In der Verkehrsbereitschaft der Bremer Polizei geht die Angst um. Die Beamten, die auf Verkehrskontrollen und die Aufnahme von besonders schweren Unfällen spezialisiert sind, fürchten, dass sie demnächst ihre Knochen auf Demonstrationen hinhalten müssen. Nazi-Demo in Vegesack, Castor-Transporte – manchem gestandenen Polizisten wird bei dem Gedanken an solche Termine ganz anders.

Grund für die Verunsicherung ist das Konzept zur Aufstockung der Bereitschaftspolizei (BePo), das Staatsrat Kuno Böse gestern in der Innendeputation vorgestellt hat. Im Zuge der Polizeireform war die Truppe in den letzten Jahren immer weiter ausgedünnt worden. Unter dem Motto „Mehr grün auf die Straße“ sollten statt gefüllter Polizeikasernen mehr Kontaktbereichsbeamte zum Einsatz kommen. Schließlich war die Stärke der BePo so weit abgesenkt worden, dass nur noch eine Hundertschaft zusammengestellt werden kann. Für das meist ruhige Bremen wäre das eigentlich auch genug, aber das Land kann damit seiner Pflicht nicht mehr nachkommen, Einheiten für Großeinsätze an andere Bundesländer abzustellen. Das ist nun in Berlin aufgeflogen, und Bundesinnenminister Otto Schily (SPD) hat gedroht, künftig seinen Kostenanteil an der BePo nicht mehr zu tragen. Für Fahrzeuge und Ausrüstung bezahlt der Bund derzeit 8,5 Millionen Mark im Jahr – ein Zuschuss, auf den das Haushaltsnotlageland nicht verzichten kann. Gleichzeitig ist an die Schaffung neuer Stellen für die BePo nicht zu denken.
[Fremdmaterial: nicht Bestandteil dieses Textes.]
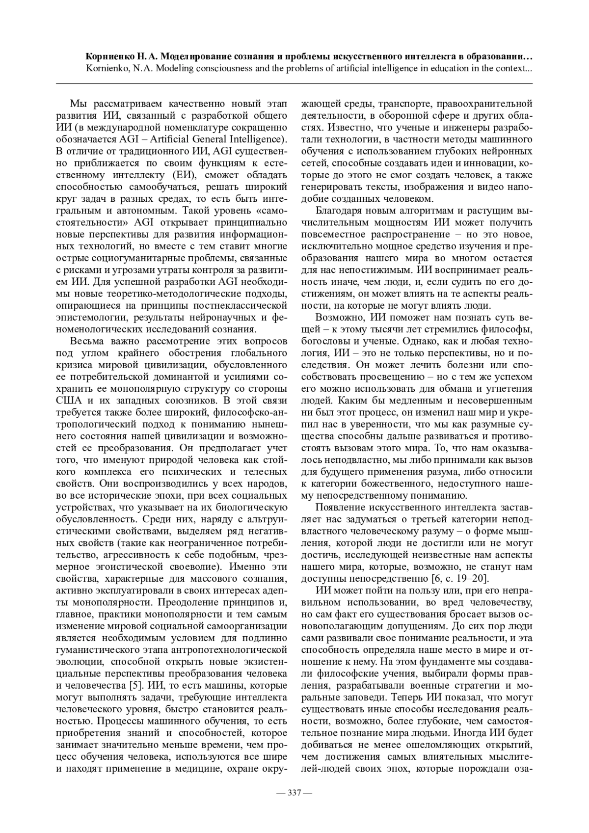 31. Корниенко Н.А. Феномен сознания и проблемы искусственного интеллекта в условиях глобализации // Цифровая трансформация и искусственный интеллект: материалы всероссийской научно-практической конференции с международным участием в рамках форума участников китайско-российского союза высших педагогических учебных заведений (г. Новосибирск, 17 ноября 2022) / под ред. И.В. Сартакова. Новосибирск: Изд-во НГПУ. 2022. С. 18-33.

Aber im Innenressort kam man auf eine kreative Lösung: Die 53 Beamten der Verkehrsbereitschaft sollen das Loch bei der BePo stopfen. Deshalb sollen die Verkehrsspezialisten in Zukunft schlicht „Bereitschaftspolizei“ heißen. Zusätzlich sollen bei der BePo bis zu acht Stellen frei werden, indem die Bewachung der Huckelrieder Kaserne an einen privaten Wachdienst vergeben wird, der vor allem mit Kameras arbeitet. Die verbleibende Lücke von rund 40 Stellen soll geschlossen werden, indem Polzeischüler länger bei der BePo bleiben. Dann kann Bremen formell wieder zwei Hundertschaften aufstellen, und die Bundesmittel fließen weiterhin.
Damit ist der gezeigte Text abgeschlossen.